> **Assignment**
The output should be every line below, retyped exactly, with no images.

Top of Source data

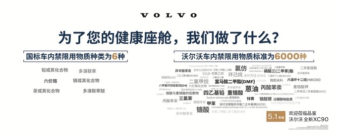在北欧,人们崇尚自然,追求健康与宁静。沃尔沃汽车将这种理念融入车内环境的打造中,对材质与空气质量的把控远超国家标准,致力于为用户打造如置身北欧森林般纯净的驾乘空间。新车型开发中,国家明确要求的禁限用物质为6种,而沃尔沃汽车管控的禁限用物质超过6000种,旨在为驾乘者打造出真正健康的移动空间。对于挥发性有机化合物(VOC),国标管控8种,在此基础上,沃尔沃汽车额外增加11种,达到19种。甚至对于安全气囊引爆后的危害气体浓度,沃尔沃汽车也有着严格的限制。早在20多年前,沃尔沃汽车便成立了“鼻子小组”,通过嗅觉实测与评分,严格把关内饰气味,保障用户的呼吸品质。以全新XC90为例,其搭载双效增强型空气净化系统,PM2.5/PM1/PM0.3去除率均超95%,花粉去除率超99.9%,空气传播病毒去除率超97%;同时,座舱采用健康环保材质,拥有婴儿皮肤可直接触摸的车内环境,即使新车在高温下,也同样无异味。
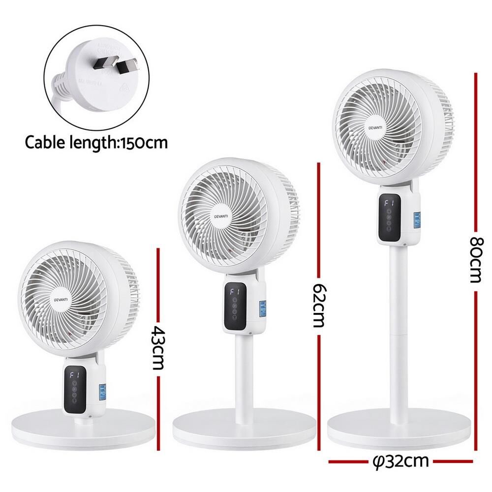 Stay cool and comfortable all year round with this Devanti pedestal fan with remote. Designed with height adjustment from 43cm to 80cm, it can be used as a compact mini fan for desktops or as a full-size pedestal fan for cooling larger areas. The 3D air circulation, combined with 45° vertical tilt and 90° horizontal swing, delivers wide coverage to every corner of the room.
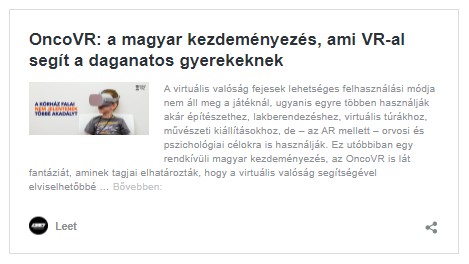 A HVG számolt be róla, hogy az Onco VR-t már a Bethesda Gyermekkórház égési és sebészeti osztályán is használják, leginkább a sérült gyermekek kötéseinek cserélésekor. Ilyenkor egy VR-ban nézhető mesefilmet vetítenek nekik, ami eltereli a figyelmüket a kötéscsere okozta fájdalmakról, ami nagyban hozzájárul ahhoz, hogy kevesebb gyógyszert kelljen beadni nekik.
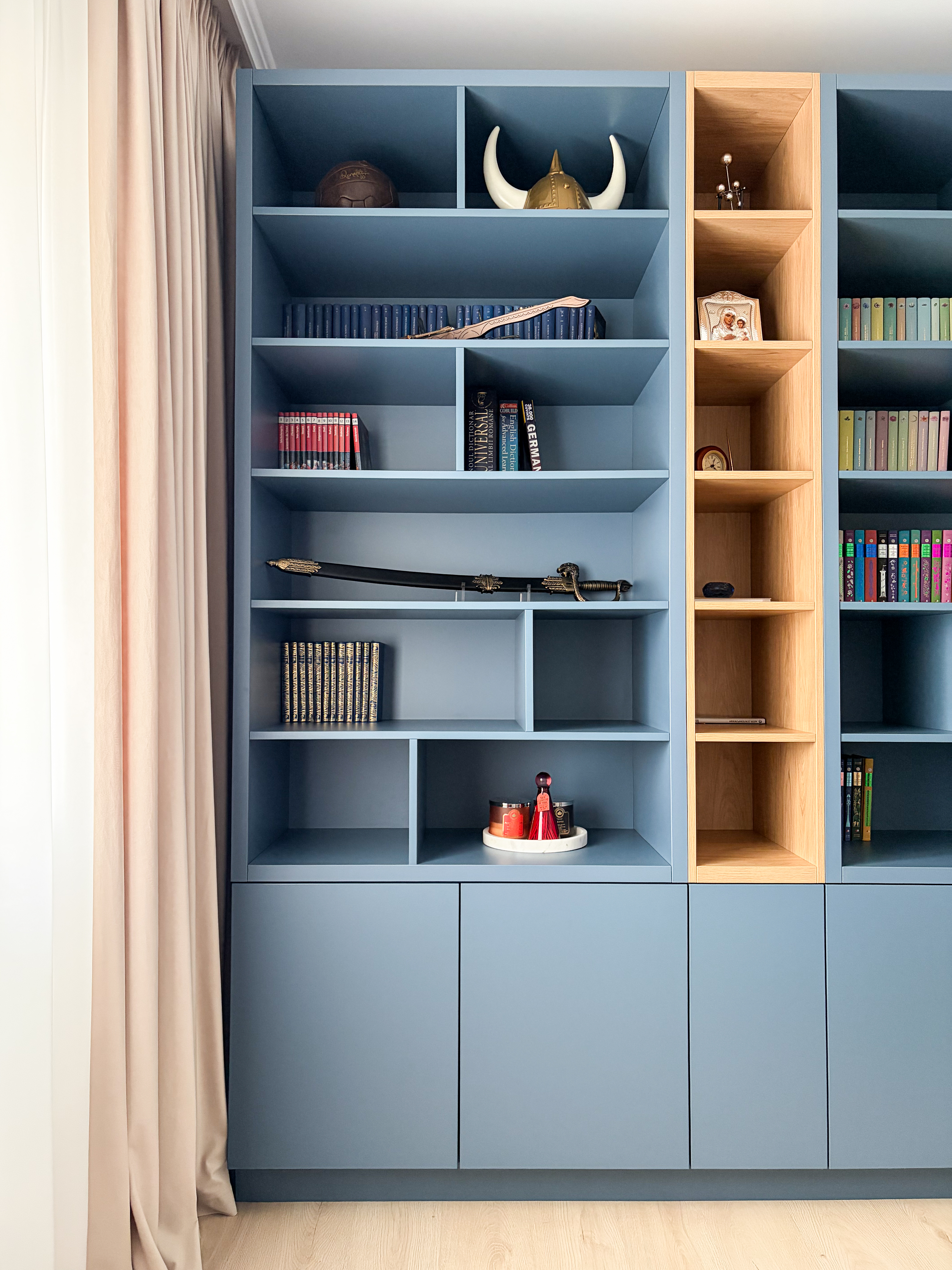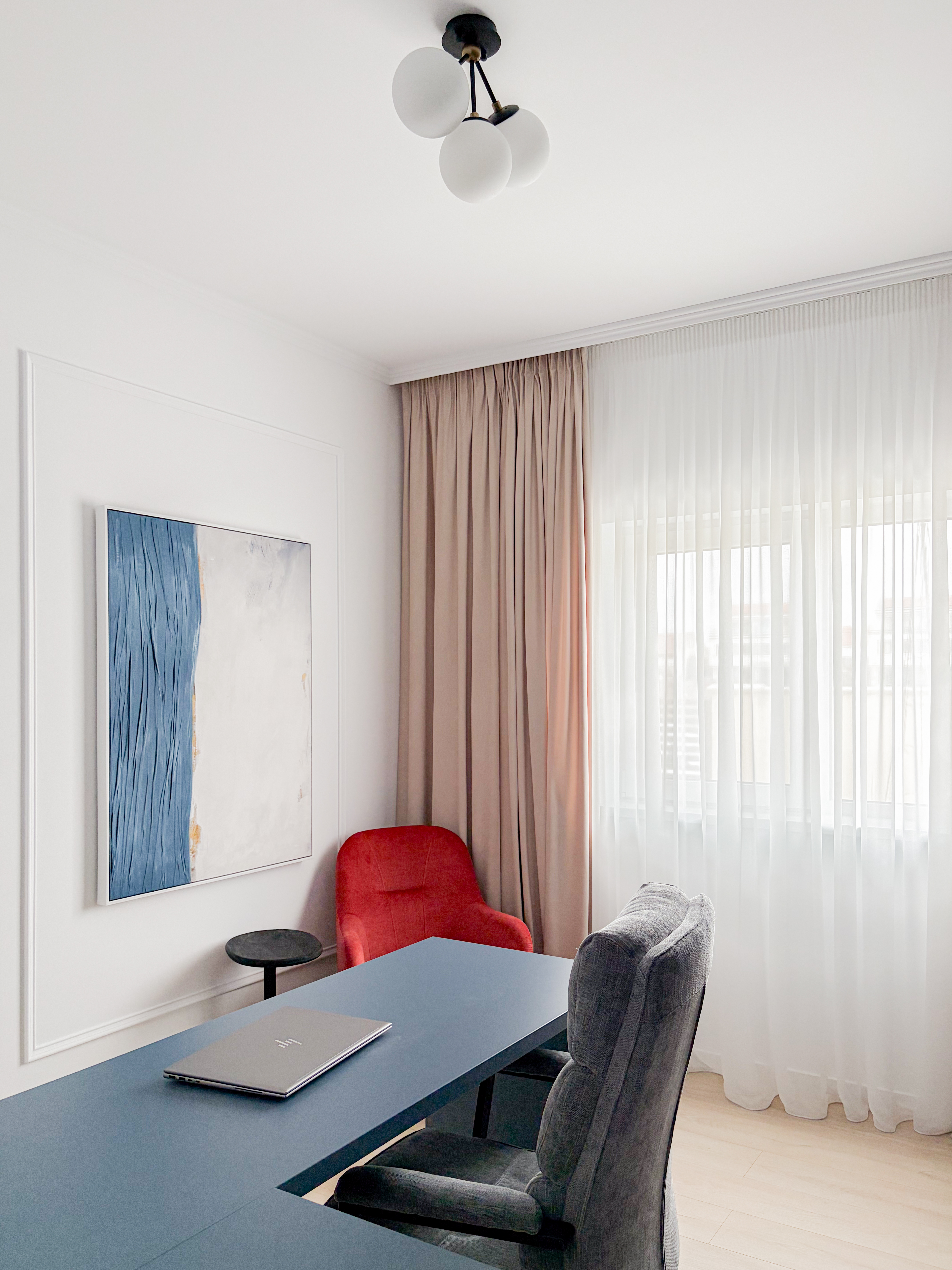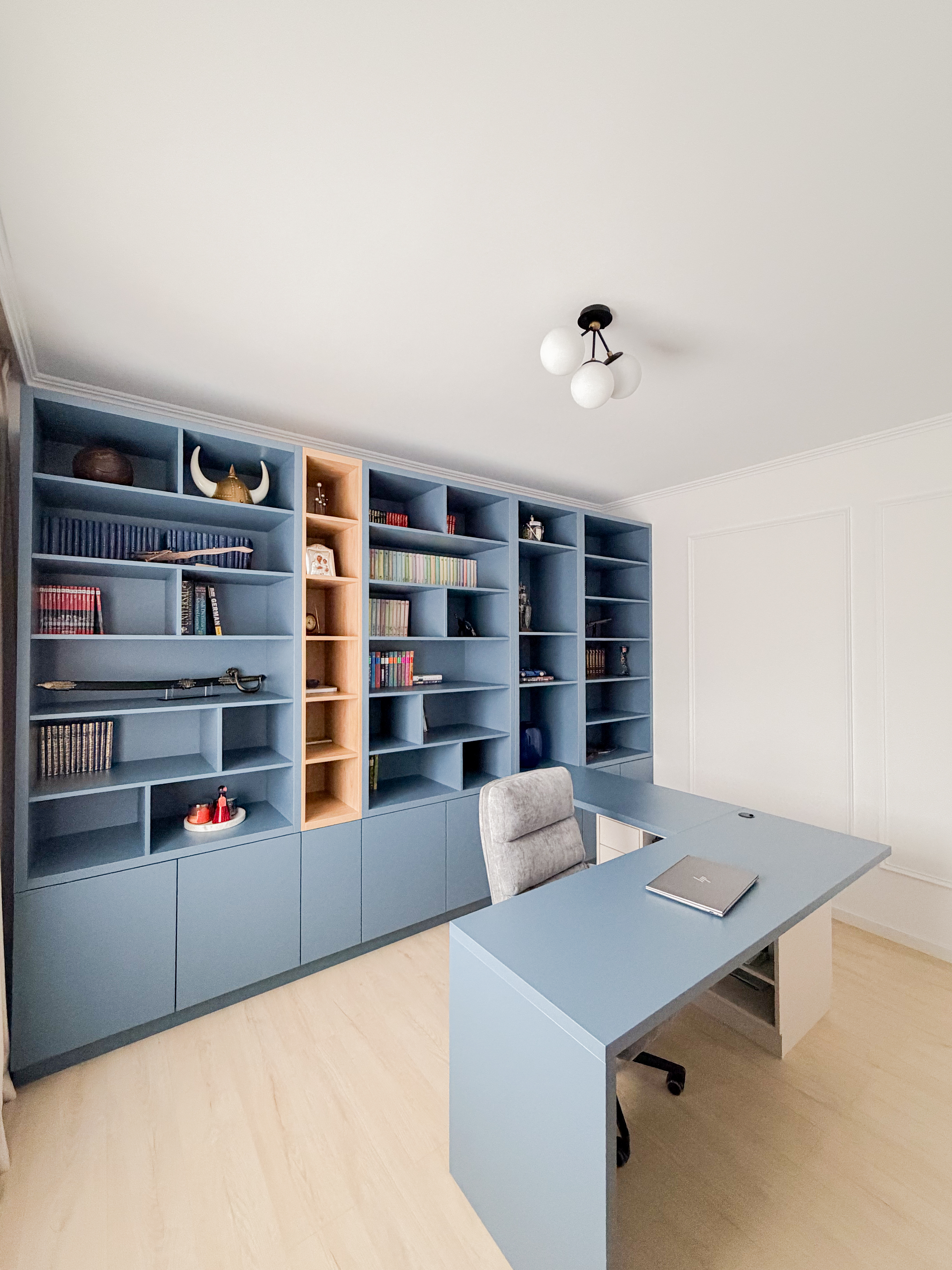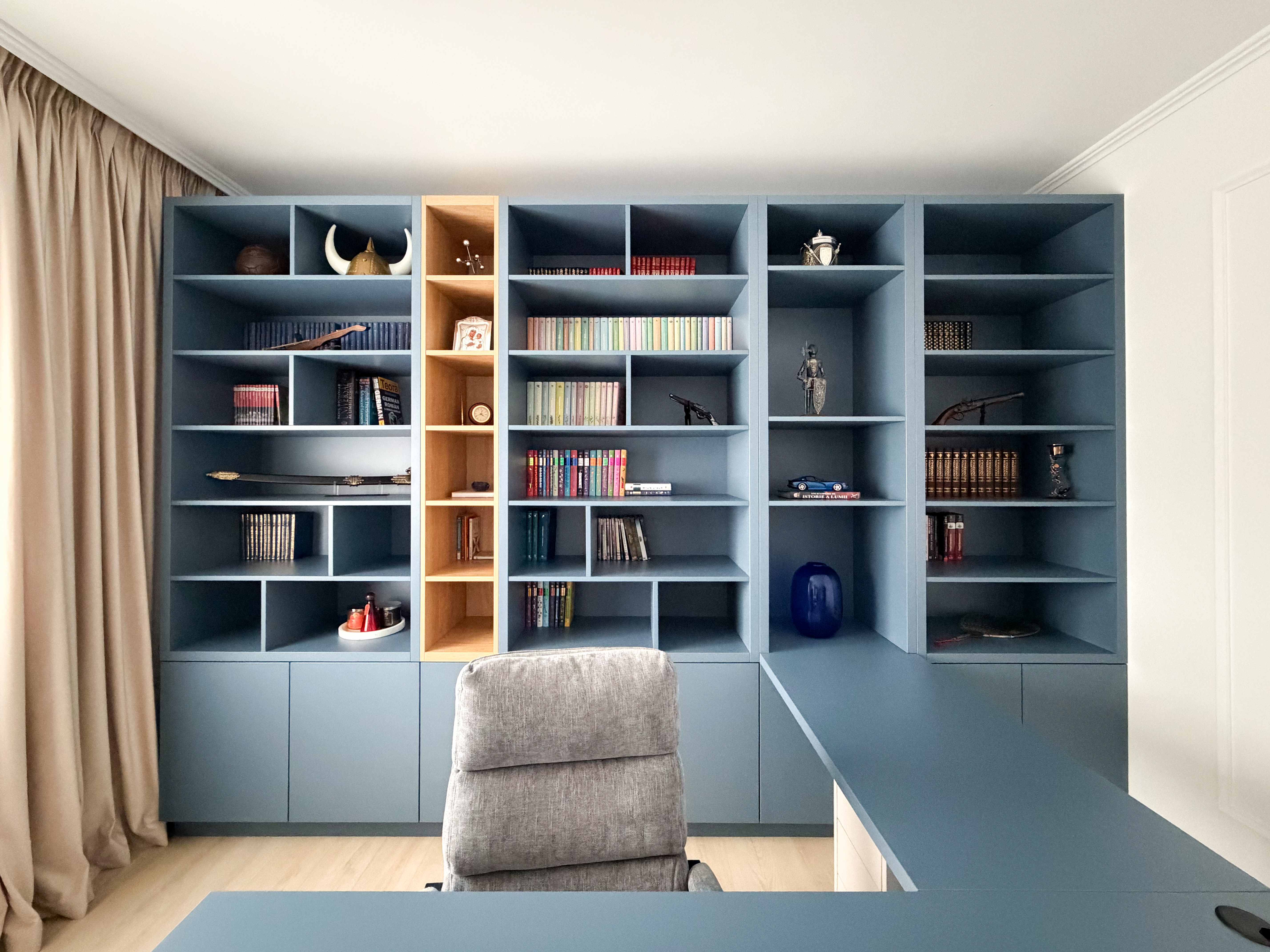 Amenajarea biroului este construită în jurul unei biblioteci realizate la comandă, care devine elementul central al spațiului atât din punct de vedere estetic, cât și funcțional. Culoarea albastru ocean aleasă pentru mobilier adaugă profunzime și eleganță, fiind integrată într-o abordare minimalistă.Din punct de vedere practic, biblioteca este concepută pentru a susține eficient zona de lucru, integrând un spațiu dedicat pentru utilizarea laptopului, depozitare organizată și acces facil la obiectele necesare activităților zilnice. Astfel, designul nu este doar unul estetic, ci răspunde direct cerințelor funcționale ale unui birou modern.Contrastul cromatic este accentuat de fotoliul în nuanță oranj, care aduce un plus de dinamism și căldură vizuală spațiului.

Bottom of Source data

> **Response**
在北欧,人们崇尚自然,追求健康与宁静。沃尔沃汽车将这种理念融入车内环境的打造中,对材质与空气质量的把控远超国家标准,致力于为用户打造如置身北欧森林般纯净的驾乘空间。新车型开发中,国家明确要求的禁限用物质为6种,而沃尔沃汽车管控的禁限用物质超过6000种,旨在为驾乘者打造出真正健康的移动空间。对于挥发性有机化合物(VOC),国标管控8种,在此基础上,沃尔沃汽车额外增加11种,达到19种。甚至对于安全气囊引爆后的危害气体浓度,沃尔沃汽车也有着严格的限制。早在20多年前,沃尔沃汽车便成立了“鼻子小组”,通过嗅觉实测与评分,严格把关内饰气味,保障用户的呼吸品质。以全新XC90为例,其搭载双效增强型空气净化系统,PM2.5/PM1/PM0.3去除率均超95%,花粉去除率超99.9%,空气传播病毒去除率超97%;同时,座舱采用健康环保材质,拥有婴儿皮肤可直接触摸的车内环境,即使新车在高温下,也同样无异味。
 Stay cool and comfortable all year round with this Devanti pedestal fan with remote. Designed with height adjustment from 43cm to 80cm, it can be used as a compact mini fan for desktops or as a full-size pedestal fan for cooling larger areas. The 3D air circulation, combined with 45° vertical tilt and 90° horizontal swing, delivers wide coverage to every corner of the room.
 A HVG számolt be róla, hogy az Onco VR-t már a Bethesda Gyermekkórház égési és sebészeti osztályán is használják, leginkább a sérült gyermekek kötéseinek cserélésekor. Ilyenkor egy VR-ban nézhető mesefilmet vetítenek nekik, ami eltereli a figyelmüket a kötéscsere okozta fájdalmakról, ami nagyban hozzájárul ahhoz, hogy kevesebb gyógyszert kelljen beadni nekik.
 Amenajarea biroului este construită în jurul unei biblioteci realizate la comandă, care devine elementul central al spațiului atât din punct de vedere estetic, cât și funcțional. Culoarea albastru ocean aleasă pentru mobilier adaugă profunzime și eleganță, fiind integrată într-o abordare minimalistă.Din punct de vedere practic, biblioteca este concepută pentru a susține eficient zona de lucru, integrând un spațiu dedicat pentru utilizarea laptopului, depozitare organizată și acces facil la obiectele necesare activităților zilnice. Astfel, designul nu este doar unul estetic, ci răspunde direct cerințelor funcționale ale unui birou modern.Contrastul cromatic este accentuat de fotoliul în nuanță oranj, care aduce un plus de dinamism și căldură vizuală spațiului.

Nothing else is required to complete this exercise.